(Given records)
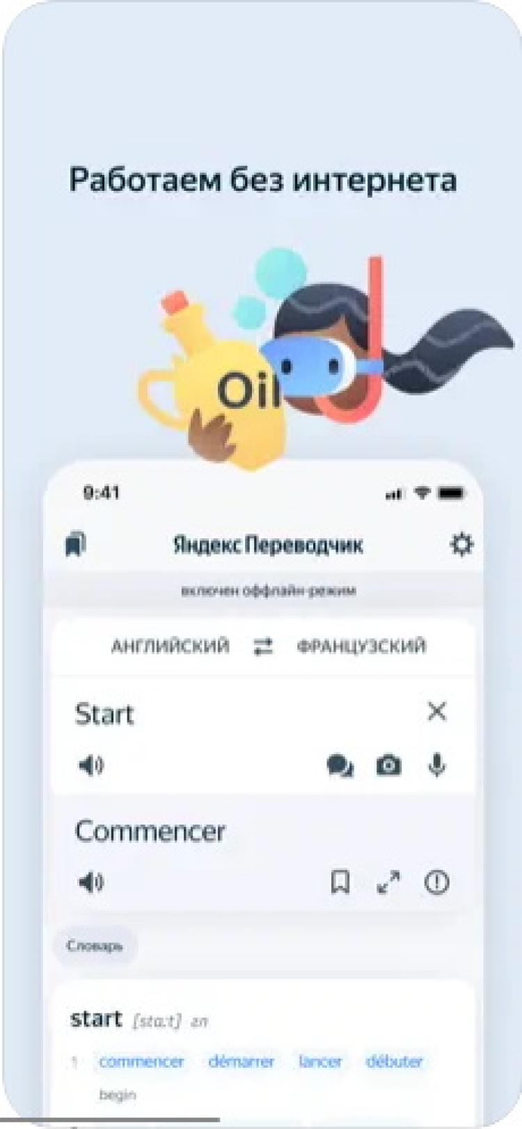 Приложение Яндекс.Переводчик также позволяет осуществлять перевод без доступа в интернет. Эта функция поддерживает английский, французский, турецкий, испанский или итальянский языки и позволяет переводить тексты на русский язык и обратно. Обратите внимание, что функцию оффлайн-перевода необходимо дополнительно активировать в настройках приложения.
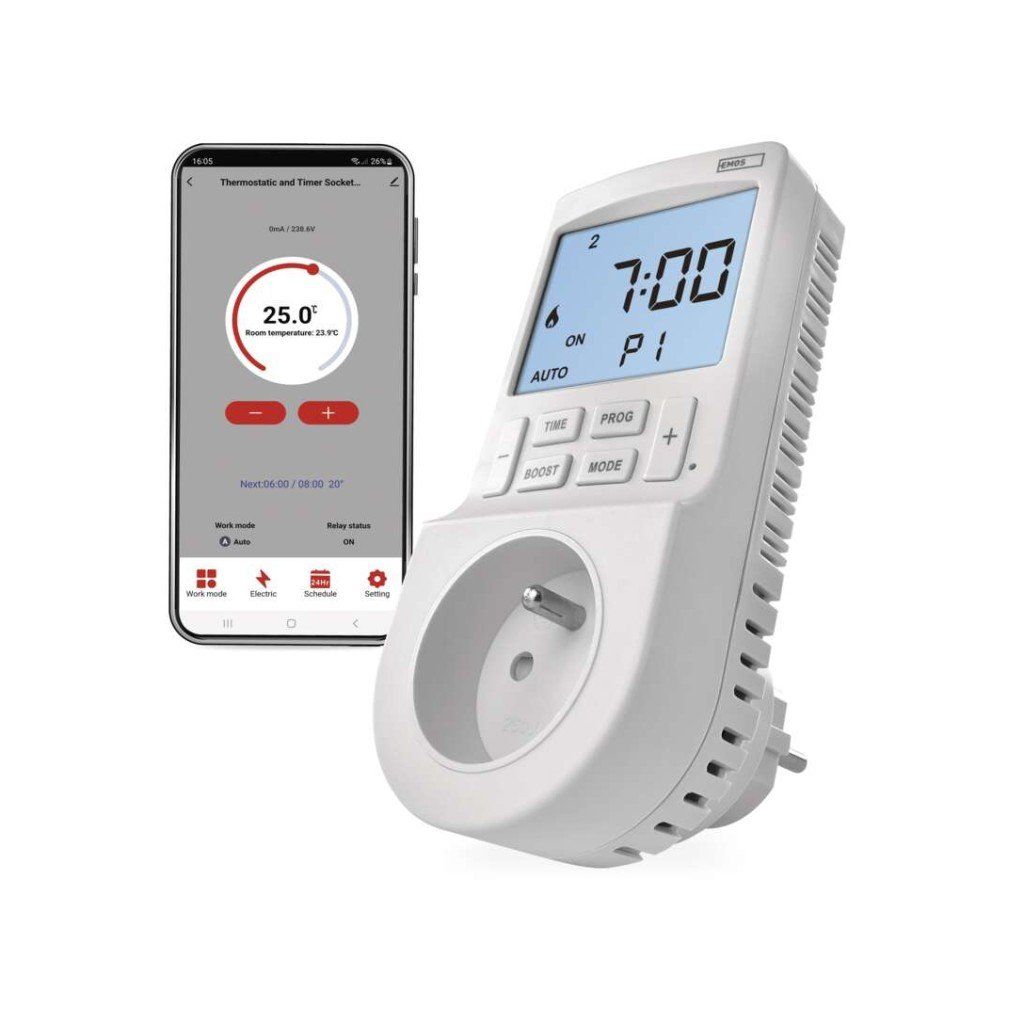 barva: bílá|další funkce: časovač; měřič spotřeby el.energie|dětské clonky: ano|druh: digitální|druh regulace: vytápěcí a chladící systém|energetická třída: –|funkce odpočítávání countdown: ne|funkce ON/OFF: ano|funkce změny letní/zimní čas: ano|jazyky aplikace: EN, CZ, SK, PL, DE, HU, SI, FR, + 60 dalších jazyků|kalibrace teploty: ano|kompatibilita: EMOS GoSmart, TUYA, LIDL, Smartlife, Otevřený systém|krytí: IP30|max. zátěž: 3 680 W|měření teploty: 0 °C až 45 °C, rozlišení 0,1 °C|minimální doba sepnutí: 1 minuta|možnost ručního zapnutí: ano|napětí/proud: 230 V~/16 A max.|nastavení teploty: 5 °C až 40 °C, rozlišení 0,5 °C|nastavitelný rozptyl teploty: 0,2 °C až 2 °C, po 0,1 °C|notifikace do mobilní aplikace: ano|ochrana proti zamrznutí: ne|ovládání hlasovými asistenty: ano (Amazon Alexa, Google Assistant)|počet programů pro časovač: 24|počet programů pro termostat: uživatelsky nastavitelná teplota (6× za den)|počet spínání za den pro časovač: 24|podporované OS: Android, iOS|podsvícený displej: ano|prodejní obal: 1 ks, krabička|protokol: Wi-Fi|řada: GoSmart|rozměr: 82 × 62 × 146 mm|součást balení: –|spíná: fázový vodič|spínaná zátěž: 16 A odporově, 4 A induktivně|spínání: 230 V AC nebo beznapěťové|typ nastavení teploty: 6 teplotních změn denně|typ ovládání: programovatelný elektronický pokojový termostat, možnost ovládaní přes mobil (iOS, Android)|typ termostatu: zásuvkový|venkovní použití: ne|záložní akumulátor: ne|záruční doba: 2 rokyDoplňkové parametry
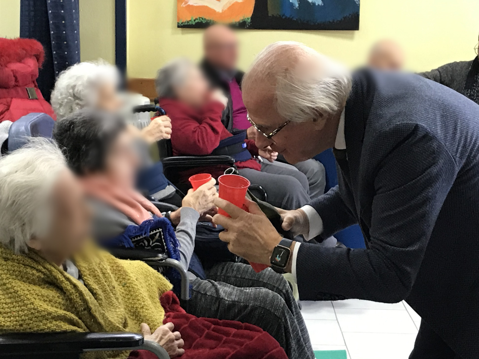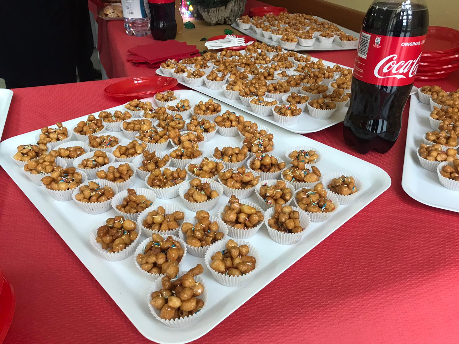 Alcune OSS della struttura hanno preparato dolci delizie per il buffet( la Signora Rosanna Castano ' per una splendida torta , la Signora Emma Mascaro un cestino di pane con dentro i rustici salati , tutti gesti di affetto verso i pazienti ed i familiari).
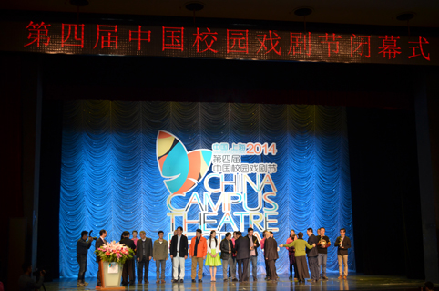 图为戏剧节闭幕式上领导嘉宾为“中国戏剧奖•校园戏剧奖”优秀剧目颁奖。
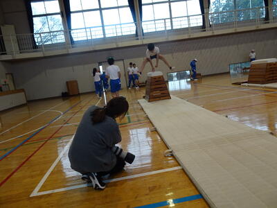 3、4年生が跳び箱運動で、「台上前転」に挑戦していました。段階的に少しずつ練習に取り組んできました。

(Action item)
With pictures left out, repeat exactly the lines from the one containing "Alcune OSS della" through the last line of the data above, inclusive, and nothing else.

(Result for this exercise)
 Alcune OSS della struttura hanno preparato dolci delizie per il buffet( la Signora Rosanna Castano ' per una splendida torta , la Signora Emma Mascaro un cestino di pane con dentro i rustici salati , tutti gesti di affetto verso i pazienti ed i familiari).
 图为戏剧节闭幕式上领导嘉宾为“中国戏剧奖•校园戏剧奖”优秀剧目颁奖。
 3、4年生が跳び箱運動で、「台上前転」に挑戦していました。段階的に少しずつ練習に取り組んできました。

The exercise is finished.